Of course, I wouldn’t be that kind to fix it. I was satisfied with my revenge. If they managed to fix it, maybe they’d be more careful and not underestimate anyone again. Yes, the next morning after I arrived, the entire campus was buzzing about the hacker, and the news spread widely, with the cyber team becoming the topic of all IT students. I just listened to the negative gossip spreading everywhere, some saying our campus server was hacked, others saying the cyber team failed to secure the network. Students couldn’t upload their assignments to the campus learning account, forcing most professors to choose Dropbox as an alternative.

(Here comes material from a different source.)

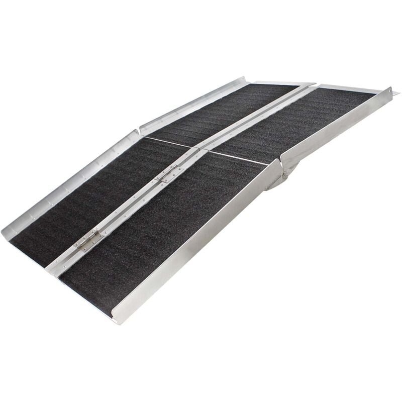 Rampa per sedie a rotelle pieghevole in 4 sezioni, in alluminio leggero, facile da trasportare. Salire non sarà più faticoso: un eccellente aiuto che permette un accesso senza barriere . Grazie alla struttura pieghevole, conservare la rampa risulterà semplice e poco ingombrante . Il vantaggio sta nel fatto che la rampa è composta da un solo elemento e non da due guide, che devono essere regolate alla giusta distanza l'una dall'altra. La rampa può essere facilmente piegata nel senso della lunghezza ed in quello della larghezza e, poiché pesa solo 20 kg, può essere trasportata facilmente come una valigia. Grazie alla sua capacità di carico di 270 kg, la sua maneggevolezza e versatilità, questo prodotto sarà per voi un aiuto validissimo. La superficie della rampa è rivestita di materiale antiscivolo ;

I studied as usual without leaving a trace, until someone asked to borrow my laptop to work on our final project, which involved working on the database server. He said his laptop had completely shut down, possibly infected with a virus, so I lent him my laptop. He was a quiet man, also skilled in coding. I knew enough because he was my rival in the class when it came to coding. After finishing, he wanted to treat me to coffee, which surprised me. To be honest, I didn’t have any friends in class; those who approached me were only using me for study tasks. I accepted the quiet man’s offer, and we went to a café near campus. Then he started the conversation, “Are you still part of the campus cyber team?” I replied, “I haven’t been in touch with them for a long time.” He smiled broadly and said, “You’re really cool; people wouldn’t think the server chaos was your doing.” I was shocked to hear that and stared at him sharply. “Don’t worry, I’m on your side, but you should humiliate them. You should spread their faces across the entire server. That would be the first historic event on our campus.” I told him that if I had to do more than that, I would have done it from the start, but that’s an unclassy move, and it would definitely go viral and end up on TV news. It would definitely happen. Unfortunately, I'm not the kind of person who needs recognition. I just can't accept them tarnishing my name for a mistake I didn't make just to get me kicked out of the team. Now they all deserve it. If they still have brains, they'll learn from their own mistakes. So, how does it feel to get revenge? “It's so much fun.”
I just tried it, and my experiment worked.